This coming Sunday marks the 21st anniversary of R.E.M.’s legendary, three-night-stand at Scotland’s Stirling Castle. To celebrate, the band will air the 2003 documentary, A Stirling Performance, which not only captures concert footage and interviews with the band members but also offers the perspectives of the local community and fans, as they prepared for one of the largest rock acts in the world to visit their quaint town. The screening, taking place on R.E.M.’s YouTube channel from July 19-21, will also feature a new Q&A with the film’s directors.

In July 1999, R.E.M. booked a three-night residency – amid their European Up tour – at one of Scotland’s largest and most important landmarks, Stirling Castle. Given the unique setting, the team at Lonely Goat, a small, independent UK film company, thought it would be interesting to create a documentary about how such a massive rock band’s presence would impact the community of Stirling, in which the ancient castle is located.

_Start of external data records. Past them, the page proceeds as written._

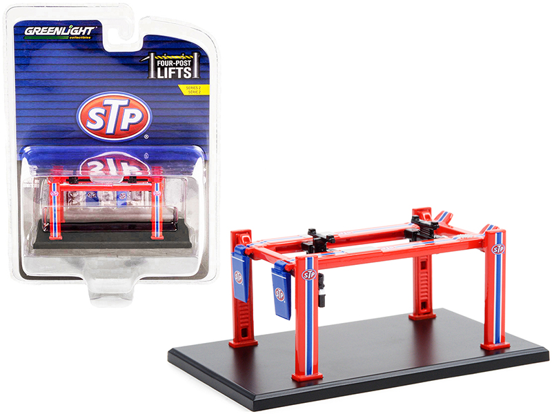 - Brand new 1/64 scale diecast model of Adjustable Four-Post Lift “STP” Red and Blue “Four-Post Lifts” Series 2 die cast model by Greenlight.
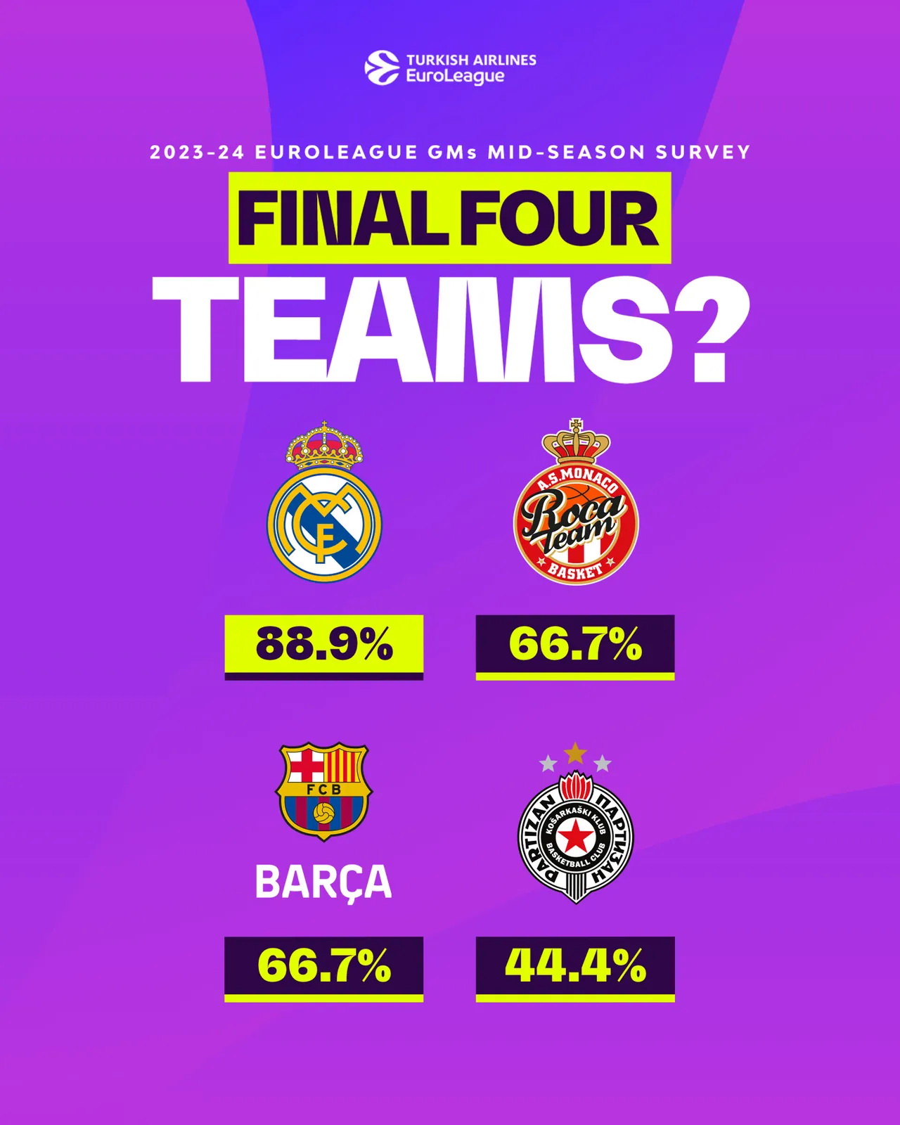 Όσον αφορά της ομάδες που οι GM βλέπουν στο Final Four, αυτές είναι οι Ρεάλ Μαδρίτης (88,9%, Μονακό (66,7%), Μπαρτσελόνα (66,7%) και Παρτιζάν (44,4%).
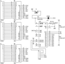 底板的結(jié)構(gòu)設(shè)計(jì)用來(lái)排列核心模塊和擴(kuò)展模塊,并給各個(gè)擴(kuò)展模塊提供電源,同時(shí)底板又是一個(gè)8路AI/6路DO的基礎(chǔ)板。核心模塊和擴(kuò)展模塊、核心模塊與底座的通信即神經(jīng)元芯片與單片機(jī)AT89C2051芯片通信采用的是SPI方式,如圖4所示,由于神經(jīng)元芯片的IO口不多,故選用串行方式。SPI接口是一種同步全雙工串行外圍接口,突出優(yōu)點(diǎn)是在使用最少的微控制器引腳的前提下,實(shí)現(xiàn)相對(duì)高速的短程通信。神經(jīng)元芯片提供Neurowire對(duì)象實(shí)現(xiàn)SPI方式通信,IO8、IO9、IO10分別是同步時(shí)鐘、數(shù)據(jù)輸出、輸入;IO0-IO7任意一個(gè)可
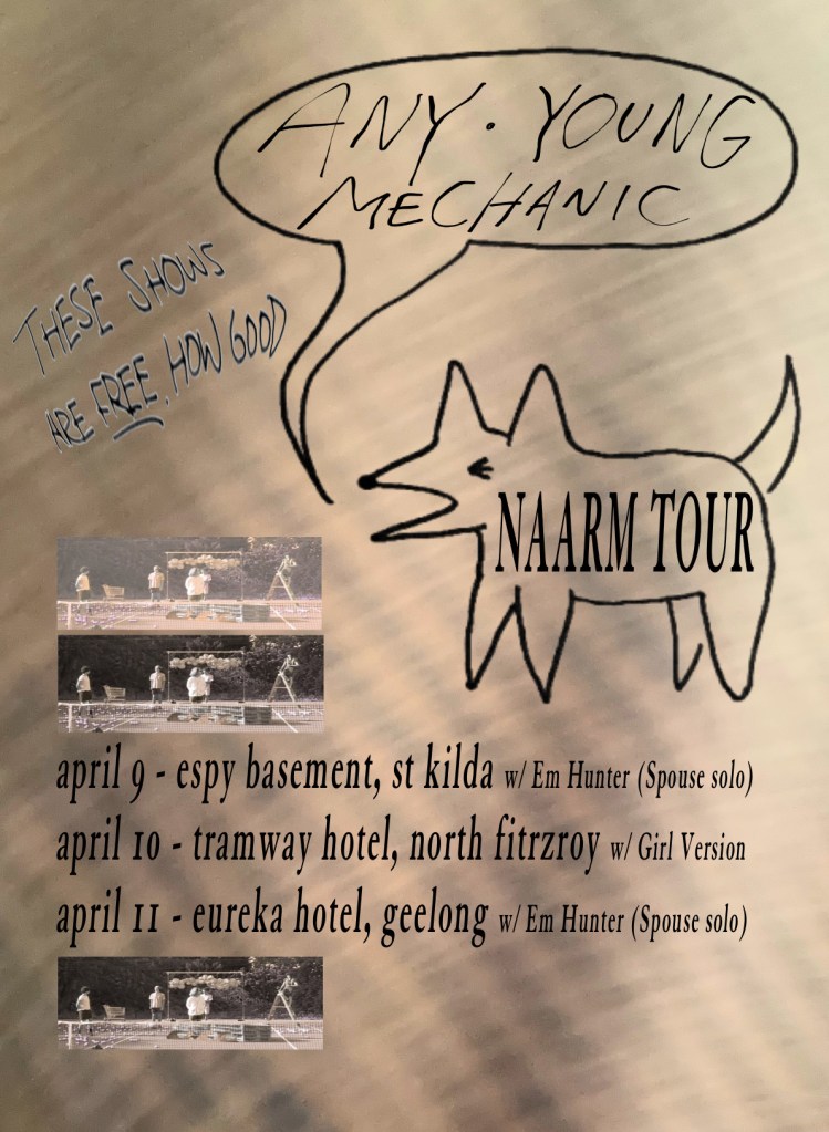 Back to rainy Melbourne, I’m slowly settling into a routine again, it’s been nice slowly putting down some more solid roots here, and I feel more myself and at home here these days. I’m playing guitar alot, and doing repairs again, as well as seeing friends and working. I also have my first solo sets coming up this week – both with Any Young Mechanic! They’re free, the poster is below if I did it right.

Released in 2003, as a bonus on the Perfect Square DVD, A Stirling Performance offered a different take on the standard concert film – not just capturing show footage and interviews with the band, but also documenting the event from the perspective of R.E.M. fans and the local community.

As a special bonus, the forthcoming screening will include a new Q&A with the documentary’s directors, Debbie Hogan and Andy Cronk, as they reflect on the film and those three special nights of shows. In a 2004 retrospective, Hogan shared some thoughts on the film and the concert. When she saw that the band was set to play Stirling Castle, she was “in disbelief…We thought it would be impossible for a town like Stirling to be unaffected by R.E.M.’s presence and we started to talk about how this would make a great film, about how the B&Bs, pubs, shops and a historic site like Stirling Castle would deal with it all.”

She continued, “We had a definite idea of what we wanted the film to be – an intimate look at a big band in a small town told from the town’s perspective, definitely not a rockumentary. We wanted it to be funny and down to earth and let all the personalities shine through.”